I know your job is implementing Machine Learning(ML) algorithms and you may think, learning Linux command is irrelevant but based on my experience you should know all ins-and-outs of an ML project, including understanding, organizing and preparing data before feeding the data into your ML network. So, I am writting several posts about Linux commands that can be so practical and helpful for data preparation as a part of doing an ML project.
How to see the list of directories under Linux operating systems?
You need to use a Linux command called "tree". It will list contents of directories in a tree-like format. It is a recursive directory listing program that produces a depth indented listing of files. When directory arguments are given, tree lists all the files and/or directories found in the given directories each in turn. tree returns the total number of files and/or directories listed.
How to install "tree" on a Linux?
# yum install tree
The syntax is:
tree [options] /path/to/directory
Here is a list of all options with a short description supported by the tree program:
------- Listing options ------- -a All files are listed.(except hidden files) -d List directories only. -l Follow symbolic links like directories. -f Print the full path prefix for each file. -l Follow symbolic links like directories. -L level Descend only level directories deep. -R Rerun tree when max dir level reached. -P pattern List only those files that match the pattern given. -I pattern Do not list files that match the given pattern. --matchdirs Include directory names in -P pattern matching. --noreport Turn off file/directory count at end of tree listing. --charset X Use charset X for terminal/HTML and indentation line output. --filelimit # Do not descend dirs with more than # files in them. --timefmt <f> Print and format time according to the format <f>. -o filename Output to file instead of stdout.

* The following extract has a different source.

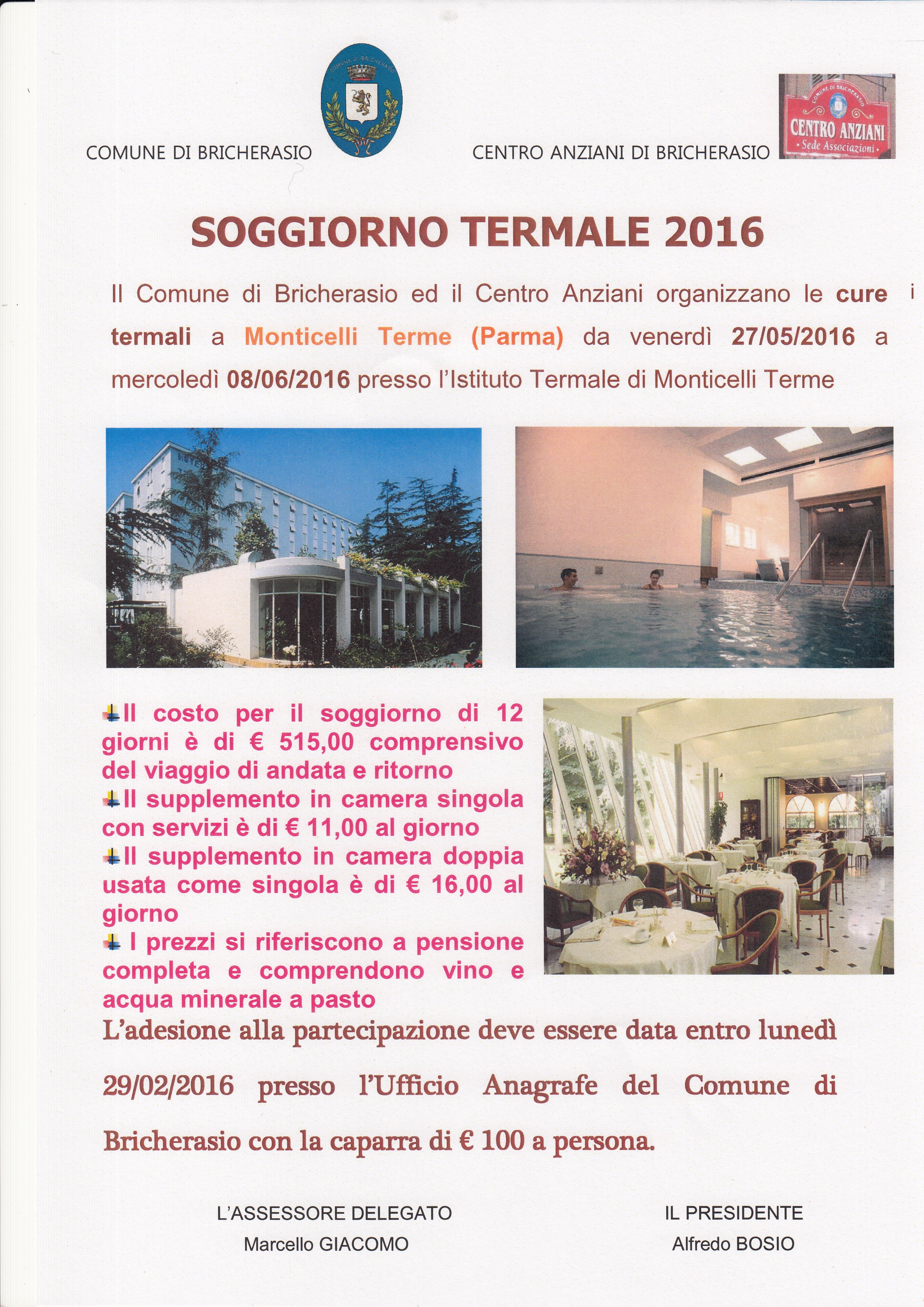 Il Comune, in collaborazione con il Centro Anziani, organizza il soggiorno di cure termali a Monticelli Terme, in provincia di Parma, da venerdì 27 maggio a mercoledì 8 giugno. Il costo per il soggiorno di 12 giorni ed il viaggio è di 515,00 €. Il supplemento in camera singola con servizi è di 11,00 € al giorno, quello per la sistemazione in camera doppia usata come singola 16 € giornalieri. I prezzi si riferiscono a pensione completa comprensivi di acqua minerale o vino.

-------- File options --------- -q Print non-printable characters as '?'. -N Print non-printable characters as is. -Q Quote filenames with double quotes. -p Print the protections for each file. -u Displays file owner or UID number. -g Displays file group owner or GID number. -s Print the size in bytes of each file. -h Print the size in a more human readable way. --si Like -h, but use in SI units (powers of 1000). -D Print the date of last modification or (-c) status change. -F Appends '/', '=', '*', '@', '|' or '>' as per ls -F. --inodes Print inode number of each file. --device Print device ID number to which each file belongs.
------- Sorting options ------- -v Sort files alphanumerically by version. -t Sort files by last modification time. -c Sort files by last status change time. -U Leave files unsorted. -r Reverse the order of the sort. --dirsfirst List directories before files (-U disables). --sort X Select sort: name,version,size,mtime,ctime.
The most intersting part of tree command for me is pattern option, "-P". Since I just need ".jpg" files to feed my network, I can use tree command with -p parameter to show me the right directories containing ".jpeg" files.
Here is a simple example of using pattern option on a Linux tree command:
$ sudo tree -f -P *.jpg
So, you can find the directories contain images you want to download from them.
I hope you find this post helpful as one of the beginning steps for the data preparation process.